2011年7月29日 星期五

Fearless. Riding on a roller coaster

What a weird feeling to see someone holding onto someone else when you know he once loved another girl.

At that moment, I wasnt sure about eternity
When two people once were so closed and believed they would be together forever,
how disappointing when one turned back and loved another person?

1.02am, I felt I didnt belong there at all.
People seemed like having an amazing time around me. 
And how many of them were aware of what they were doing?
How many of them were truly having a good time, or just showing people they are having a good time?

One told me "you only know how to appreciate alcohol when you have experienced its greatness"

I said "like you only know you really believe in Jesus when you have experienced his greatness"

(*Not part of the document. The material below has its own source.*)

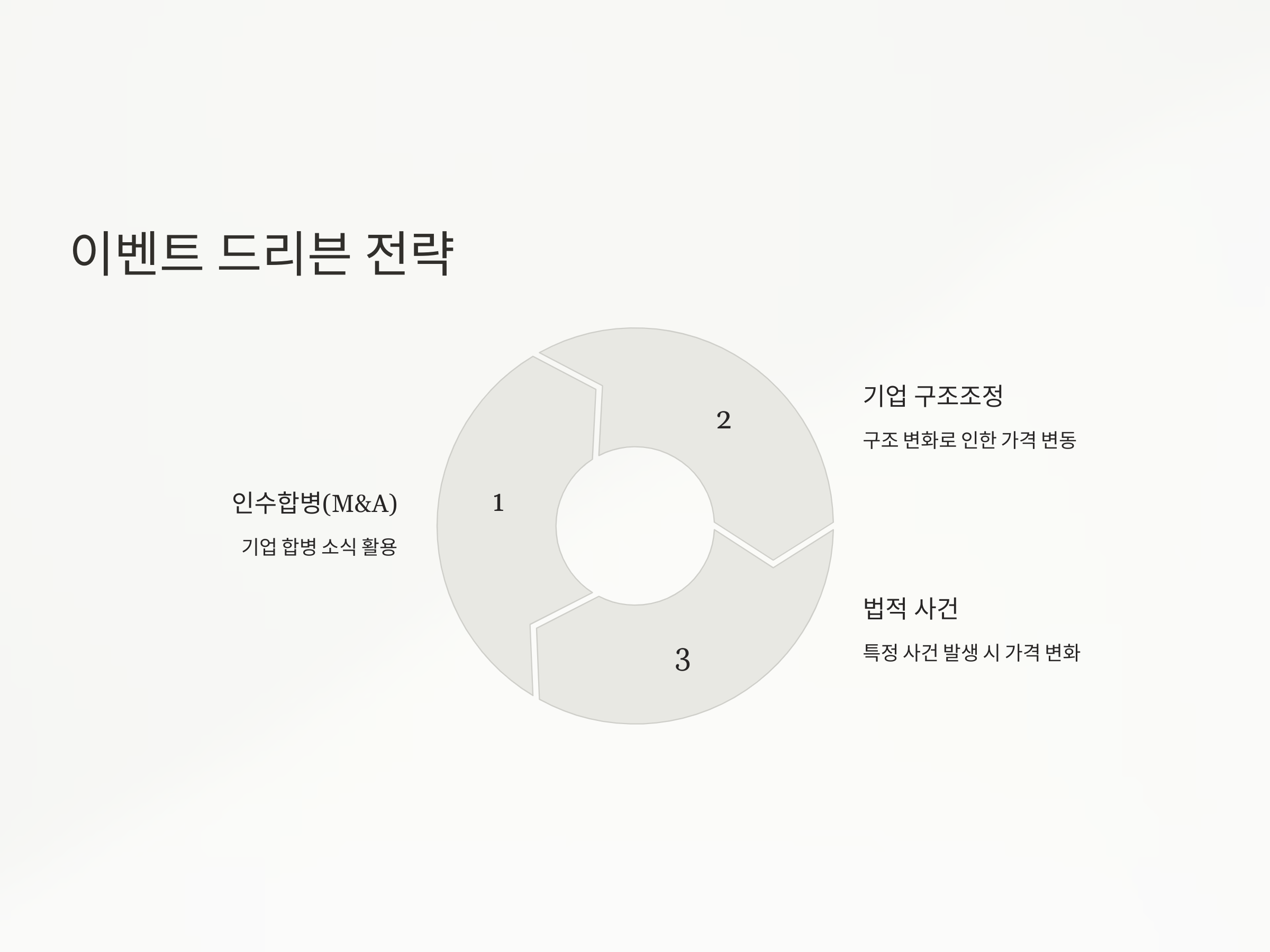 이벤트 드리븐 전략은 기업의 인수합병(M&A), 기업 구조조정, 분할, 법적 사건 등 특정 사건에 의해 발생하는 가격 변동을 이용하는 전략입니다. 예를 들어, 기업의 인수합병 소식이 발표되면, 해당 기업의 주식 가격이 급등할 가능성이 큽니다. 이런 상황에서 헷지펀드는 관련 주식을 미리 매수하여 수익을 올리거나, 반대로 인수합병을 반대하는 측의 주식을 매도할 수도 있습니다. 이러한 이벤트 드리븐 전략은 매우 세밀한 시장 분석과 예측이 요구되며, 때때로 대규모 수익을 올릴 수 있는 기회를 제공하기도 합니다.

Laugh, just laugh at me here.

Suddenly, I fear, fear of people around me.
What if things went out of control?
I had to leave, really have to.

Despite after having such a long day of work, no toilet break, non-digestible lunch

I understand the temptation to just go wild and free, and just NOT having to worry or think about anything and enjoy the presence.

After tired of faith going up and down hill constantly, and re-thinking all the goods and bads in the past
tending to find a way out of this.

Even just for that very split moment

I want to let go of faith, that I think it's restricting me, putting me in all sort of difficult situations
Yet I know I have to hold on to it.

How can we say we dont like food but we still eat? Because we need to survive.

I fear the temptation of giving up yourself for sins.

Yet, I fear more losing interest in living.

When life not matters to you anymore, there is nothing else to care.

Then it hits me.

When we lose our ambition, doesnt care about anything or even your own life, perhaps, it's self-defending.

Because, life is so unpredictable.
Before you scream, your journey on the roller coaster already ends.

I began to pray,
one thing I would remember by heart today

you only know it's sweet, when you have experienced the bitter and sour part of life

When life is too perfect, then is this really "living"?
The breath you take when you are happy probably a lot smoother than those moment you felt like pain is taking your breath away.

You probably not enjoying the bitter part, but do believe, you then would really get to appreciate the sweetness in life

Be Fearless, 

in other words, 

believe 

believe and enjoy all the up and downs.
laugh out loud, cry out loud and dont miss out a thing

 

2011年7月17日 星期日

Tears brought us closer

It's never been so painful since last Christmas.

Though been dealing with all the struggles after all these months, it came to a point where I got lost and not able to see where I am and where I am heading to.

When I ask God for help, i want to know exactly the right way to love.

When I said I want to give up, I thought this is the right thing to do and I would feel peace at heart for doing something that I thought God would appreciate.

But after having said that, I couldnt feel the peace.

Unlike last time, I knew it was right to keep a distance. At Christmas, it was painful but i could feel the peace.

This time I couldnt, whether becos the love has grown even stronger than before, or...perhaps I was really discouraged and lost.

I feel today, theres a reason why I ve made the decision to find you, to be there for you.
I want to know, I prayed and asked God.

when we both gave in ourselves and the truthful tears

nothing can replace it

Even I am the only one focusing on God, I shall protect both of us because I should believe that since i ve made the decision, God is walking with me.

Unless one day He has to take you away from me, then I'll obey and accept.

let now...we could both rest in His Arm, enjoying the seed of peace growing within our heart.

Thanks for your hand, for holding on to mine tightly.

2011年7月9日 星期六

Temptation is not a sin

Temptation is not a sin
Our decision determines what sin is.

It's true,

temptation is everywhere

Our final decision, our action counts.

Facing a temptation, I decided to run.
Because I cannot test out my limit, when I know from the beginning, theres no bottom line for all sinners.

I cannot stop temptations.

Just like a kid, if he sees candies in front of him, it is not a sin.
But if he decided to disobey rules and steal the candies, it's a sin.

At the end of the day, it's our greed that needs to be blamed.
Isnt it?

And I am grateful that beyond all these, we can really enjoy true freedom because of HIM.

God I am truly grateful, I really do.